Our analysis demonstrates that the LSTM autoencoder is highly effective in generating natural text from a secret bit stream, with low perplexity, high capacity, and excellent coherence scores highlighting its ability to produce accurate and coherent text. This effectiveness underscores the model’s potential for text hiding applications, ensuring that the hidden message remains secure and undetectable while appearing natural to observers. The model’s high accuracy in recovering the original bit stream further reinforces its reliability in preserving the integrity of the secret information.
Scalability presents a unique challenge in our framework, particularly with the use of language models. Our algorithm begins with a vocabulary set that includes all possible tokens appearing in the stegotext, which can be words or punctuation marks. To handle large datasets, tokens are divided into disjoint blocks, with each token appearing exactly once per block.

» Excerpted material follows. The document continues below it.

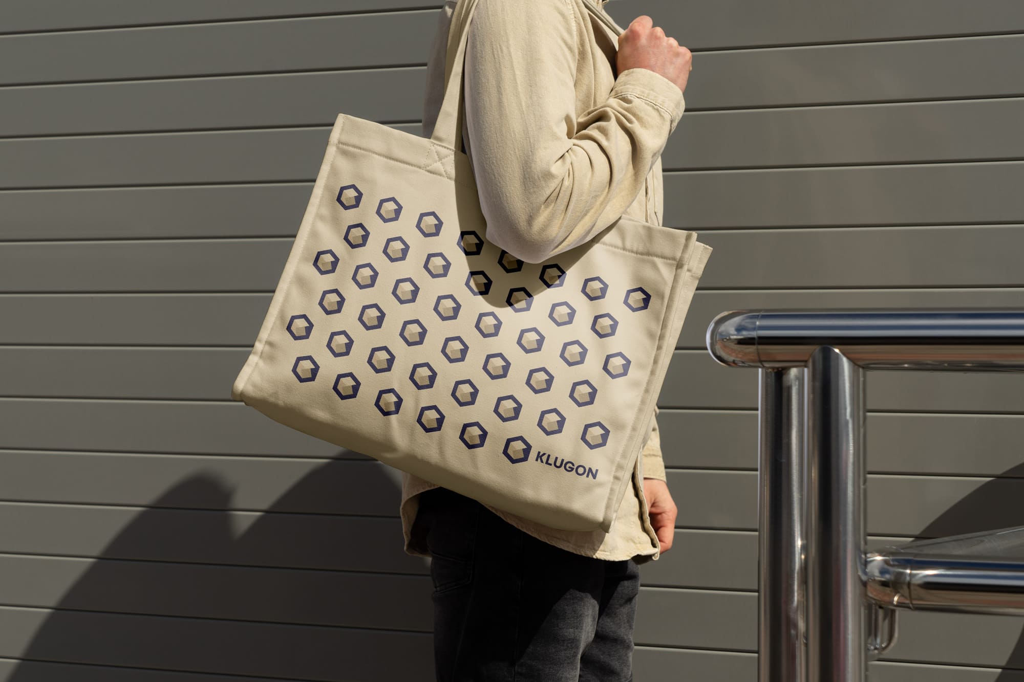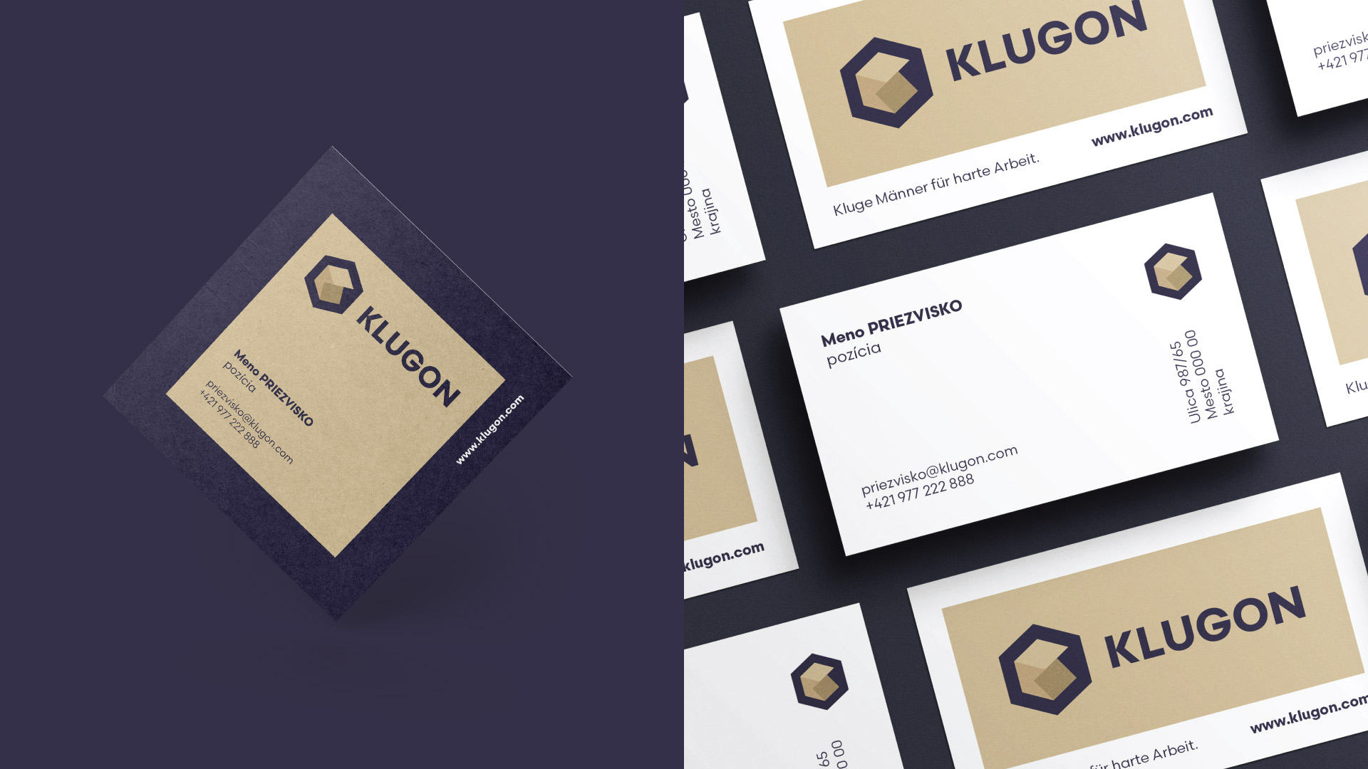 Pre nemeckú firmu KLUGON, ktorá dodáva šikovných pracovníkov na projekty, sme vytvorili názov aj branding. Názov spája slovo KLUG, čo v nemčine znamená šikovný, a ON, teda zapnutý pripravený pracovať. Symbolom značky je šesťuholník pripomínajúci pracovité včely, v ktorom je ukryté písmeno K. Logo tak spája inteligenciu, pracovitosť a systém.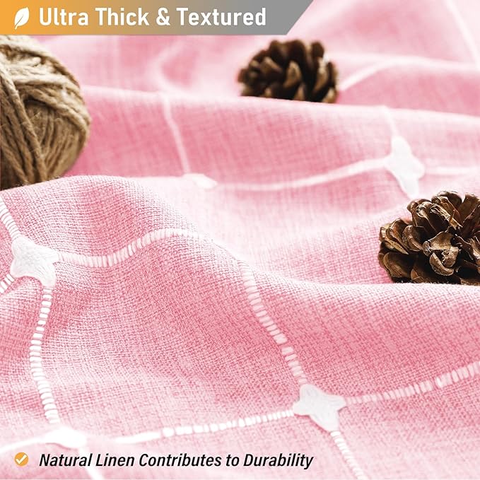 BTTN Extra Long Shower Curtain - 72x84 Inch Long Boho Chic Tassel Linen Fabric Shower Curtain Set with Hooks, Tall Modern Farmhouse Elegant Heavy Duty Thick Cloth Shower Curtains for Bathroom - Pink

The size of each block is determined by dividing the total vocabulary size by the number of blocks. As the dataset grows, managing the relationship between the number of bits and tokens becomes crucial. Larger datasets require more blocks, increasing the complexity and computational power needed for processing.
For future work, we intend to explore how different encoding strategies affect the model’s performance and to investigate improvements to the autoencoder’s architecture for enhanced efficiency and security. Additionally, we will evaluate the model’s adaptability to various types of carrier files and languages to increase its applicability and robustness. We also plan to focus on optimizing token distribution and block management strategies to improve scalability while ensuring operational efficiency. Our aim is to refine these approaches to better manage computational load and tackle the complexities arising from larger datasets and more advanced language models.

Author Contributions

Conceptualization, M.A. and O.S.; methodology, M.A. and O.S.; software, M.A. and O.S.; validation, M.A. and O.S.; formal analysis, M.A. and O.S.; investigation, M.A. and O.S.; resources, M.A. and O.S.; data curation, M.A. and O.S.; writing—original draft preparation, M.A. and O.S.; writing—review and editing, M.A. and O.S.; visualization, M.A. and O.S.; supervision, M.A. and O.S.; project administration, M.A. and O.S.; funding acquisition, M.A. and O.S. All authors have read and agreed to the published version of the manuscript.

Funding

This research was funded by the Deanship of Scientific Research at Birzeit University.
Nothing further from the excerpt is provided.